**Task directions**
All pictures are to be excluded when the data below is output verbatim.

[Data records]

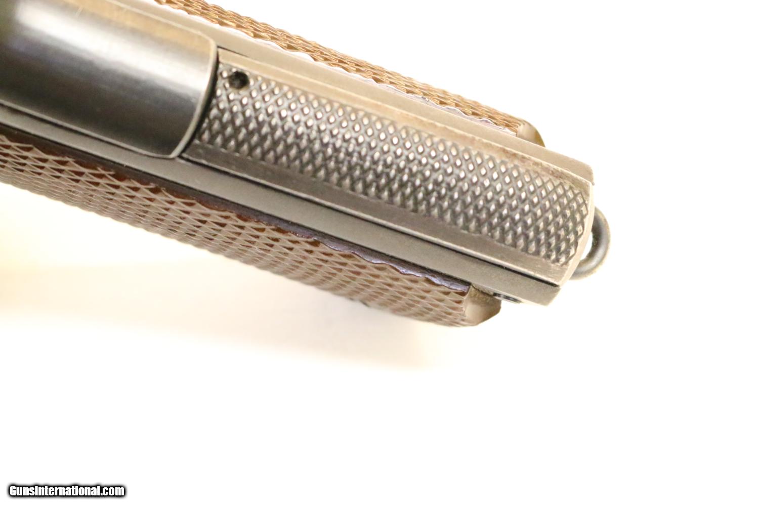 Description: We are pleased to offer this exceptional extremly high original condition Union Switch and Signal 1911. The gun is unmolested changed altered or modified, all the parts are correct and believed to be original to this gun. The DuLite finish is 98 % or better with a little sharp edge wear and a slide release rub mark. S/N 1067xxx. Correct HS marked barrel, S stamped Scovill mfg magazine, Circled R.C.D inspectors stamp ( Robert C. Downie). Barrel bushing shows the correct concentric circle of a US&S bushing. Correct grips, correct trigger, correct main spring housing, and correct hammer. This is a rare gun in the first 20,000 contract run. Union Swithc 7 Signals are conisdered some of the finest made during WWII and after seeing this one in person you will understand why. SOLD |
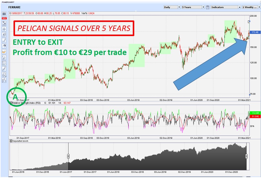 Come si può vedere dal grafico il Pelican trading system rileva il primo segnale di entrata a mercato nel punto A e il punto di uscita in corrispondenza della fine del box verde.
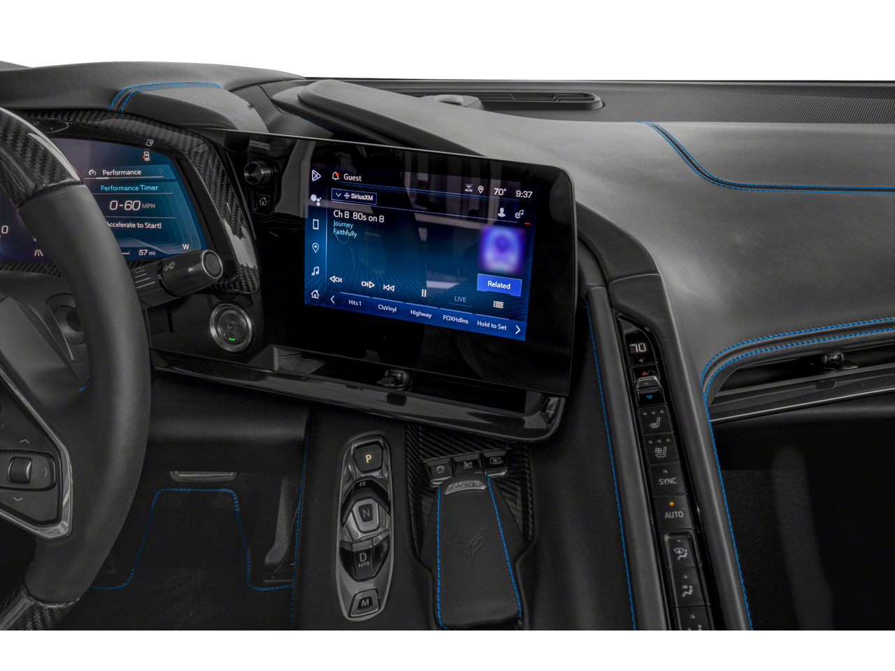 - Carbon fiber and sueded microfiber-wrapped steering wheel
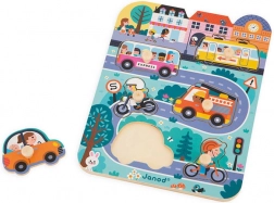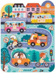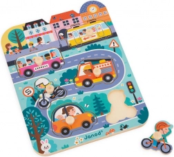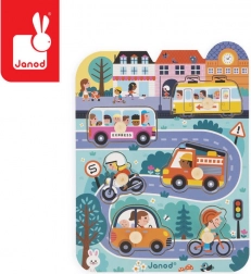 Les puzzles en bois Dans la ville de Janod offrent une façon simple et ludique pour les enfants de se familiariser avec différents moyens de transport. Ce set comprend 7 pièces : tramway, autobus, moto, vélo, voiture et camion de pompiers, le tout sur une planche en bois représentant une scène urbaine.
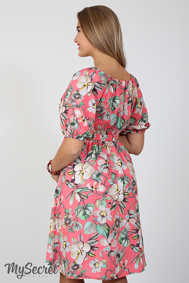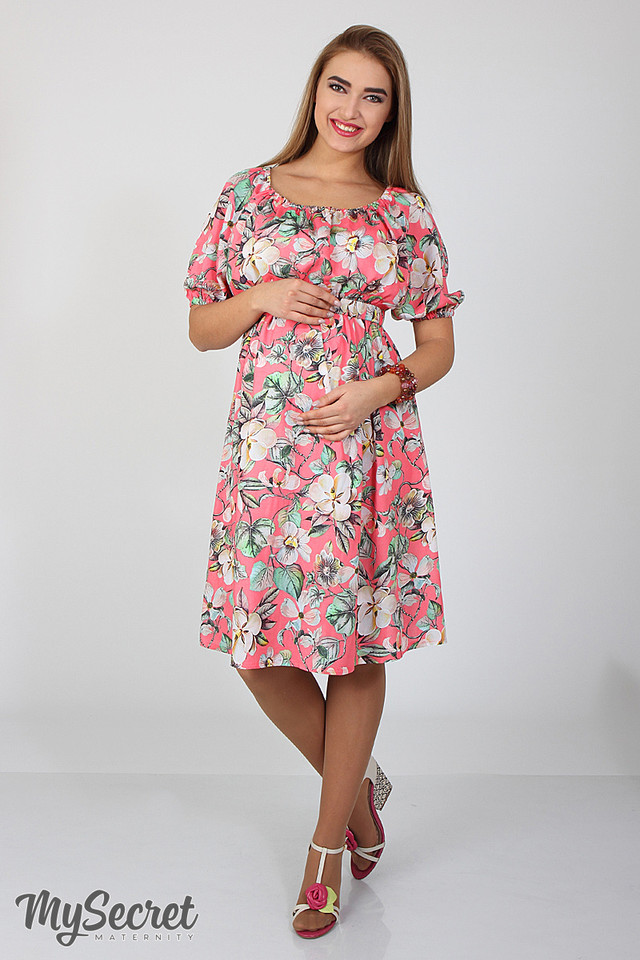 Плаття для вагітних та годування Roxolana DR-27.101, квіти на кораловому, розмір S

**Expected output**
 Description: We are pleased to offer this exceptional extremly high original condition Union Switch and Signal 1911. The gun is unmolested changed altered or modified, all the parts are correct and believed to be original to this gun. The DuLite finish is 98 % or better with a little sharp edge wear and a slide release rub mark. S/N 1067xxx. Correct HS marked barrel, S stamped Scovill mfg magazine, Circled R.C.D inspectors stamp ( Robert C. Downie). Barrel bushing shows the correct concentric circle of a US&S bushing. Correct grips, correct trigger, correct main spring housing, and correct hammer. This is a rare gun in the first 20,000 contract run. Union Swithc 7 Signals are conisdered some of the finest made during WWII and after seeing this one in person you will understand why. SOLD |
 Come si può vedere dal grafico il Pelican trading system rileva il primo segnale di entrata a mercato nel punto A e il punto di uscita in corrispondenza della fine del box verde.
 - Carbon fiber and sueded microfiber-wrapped steering wheel
 Les puzzles en bois Dans la ville de Janod offrent une façon simple et ludique pour les enfants de se familiariser avec différents moyens de transport. Ce set comprend 7 pièces : tramway, autobus, moto, vélo, voiture et camion de pompiers, le tout sur une planche en bois représentant une scène urbaine.
 Плаття для вагітних та годування Roxolana DR-27.101, квіти на кораловому, розмір S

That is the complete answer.